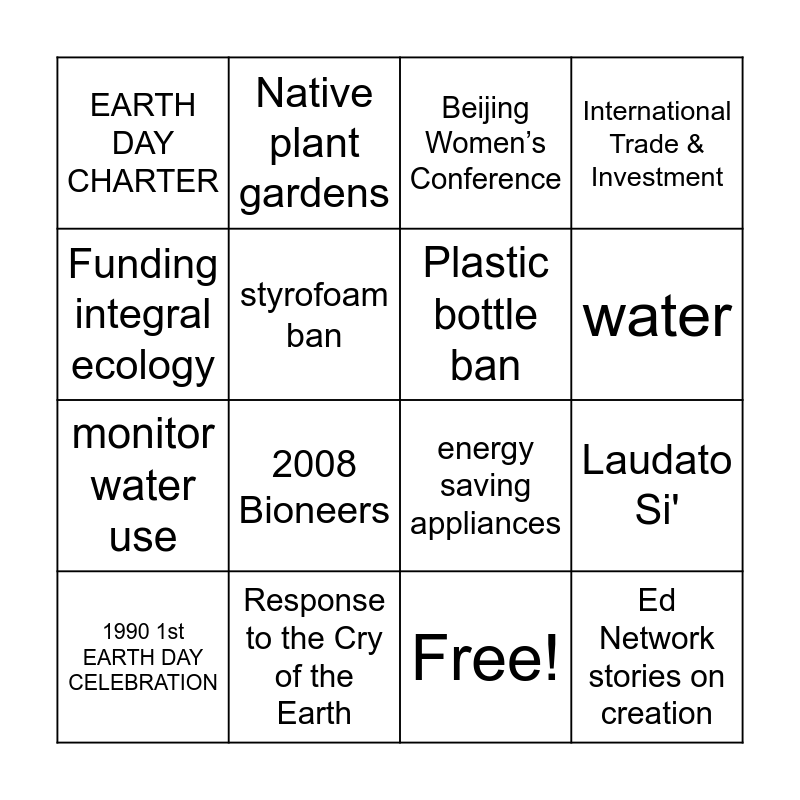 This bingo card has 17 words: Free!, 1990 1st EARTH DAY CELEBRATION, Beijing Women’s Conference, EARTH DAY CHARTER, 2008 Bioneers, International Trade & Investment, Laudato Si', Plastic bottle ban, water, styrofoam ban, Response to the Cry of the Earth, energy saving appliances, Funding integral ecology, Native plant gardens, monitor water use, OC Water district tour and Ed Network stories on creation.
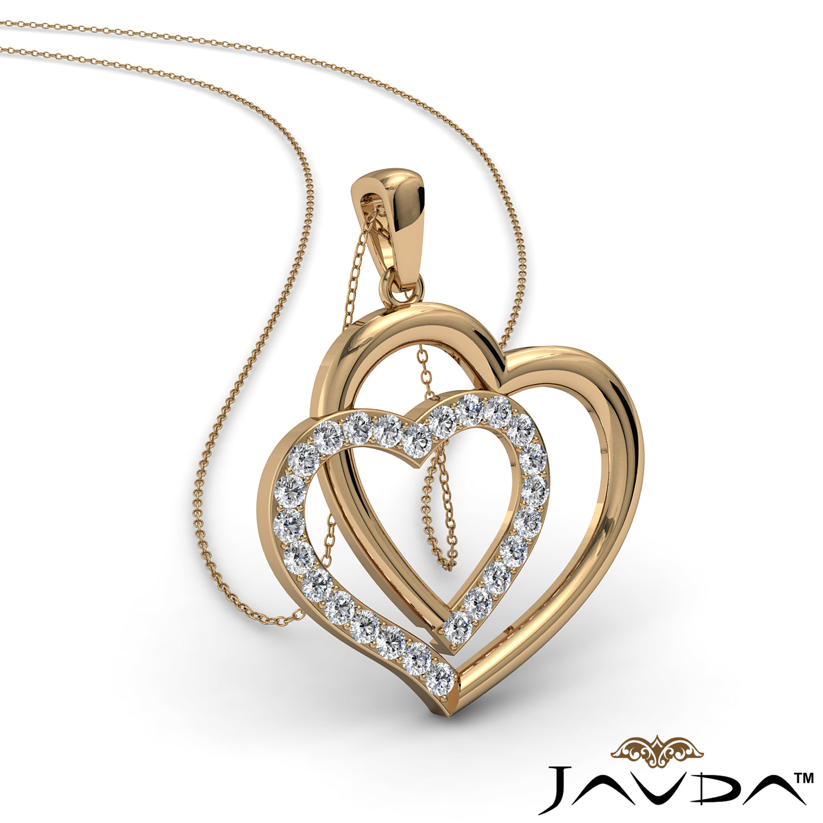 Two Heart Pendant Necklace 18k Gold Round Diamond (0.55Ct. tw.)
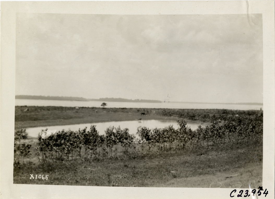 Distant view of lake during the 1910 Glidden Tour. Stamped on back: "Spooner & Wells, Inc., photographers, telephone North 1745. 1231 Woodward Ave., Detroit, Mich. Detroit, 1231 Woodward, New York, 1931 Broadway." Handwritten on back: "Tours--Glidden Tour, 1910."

* * *

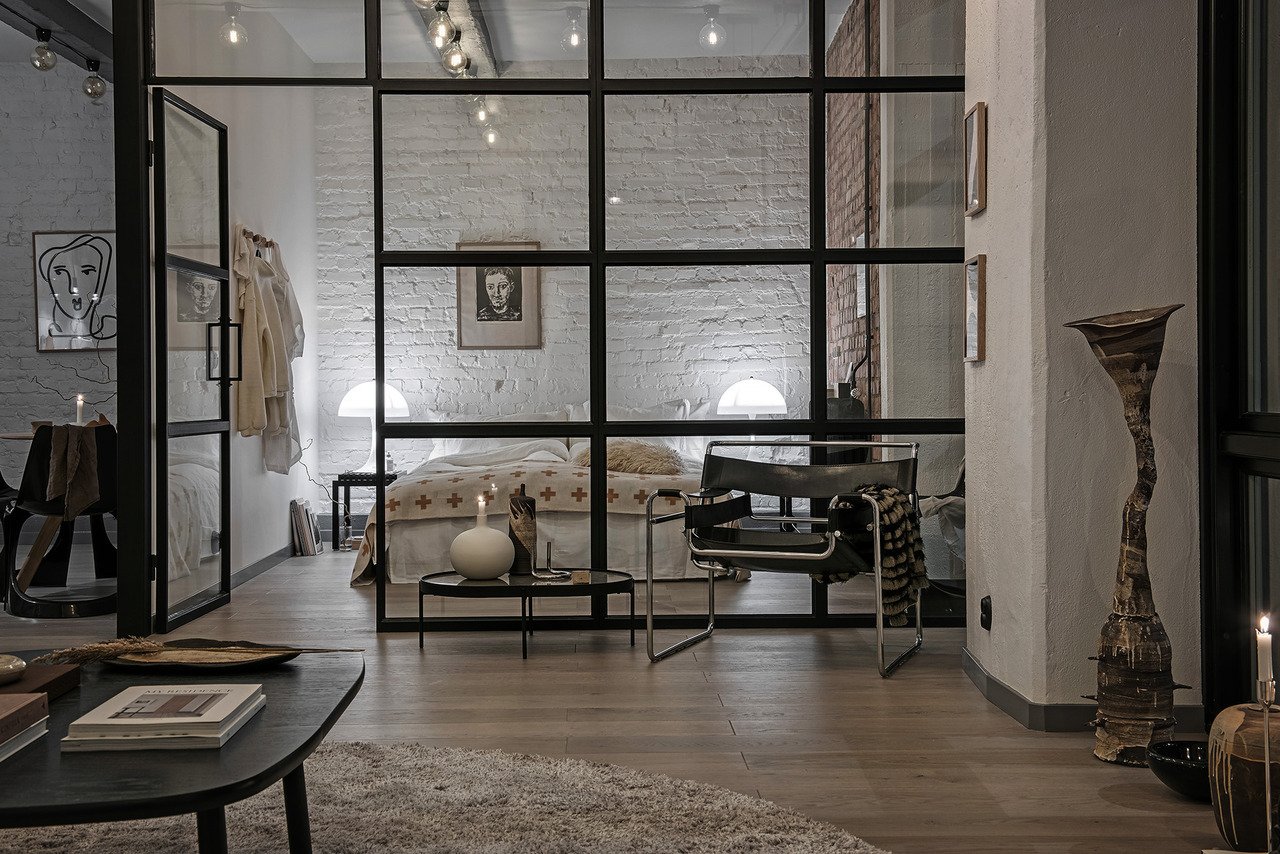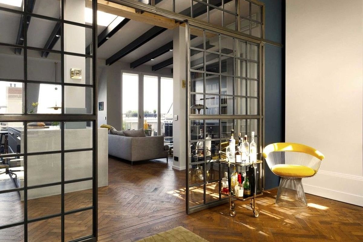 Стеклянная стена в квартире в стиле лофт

**Exercise:**
Of the lines above, copy only those from the one holding "This bingo card" to the one holding "Distant view of", both included, and exclude every image.

**Output below:**
 This bingo card has 17 words: Free!, 1990 1st EARTH DAY CELEBRATION, Beijing Women’s Conference, EARTH DAY CHARTER, 2008 Bioneers, International Trade & Investment, Laudato Si', Plastic bottle ban, water, styrofoam ban, Response to the Cry of the Earth, energy saving appliances, Funding integral ecology, Native plant gardens, monitor water use, OC Water district tour and Ed Network stories on creation.
 Two Heart Pendant Necklace 18k Gold Round Diamond (0.55Ct. tw.)
 Distant view of lake during the 1910 Glidden Tour. Stamped on back: "Spooner & Wells, Inc., photographers, telephone North 1745. 1231 Woodward Ave., Detroit, Mich. Detroit, 1231 Woodward, New York, 1931 Broadway." Handwritten on back: "Tours--Glidden Tour, 1910."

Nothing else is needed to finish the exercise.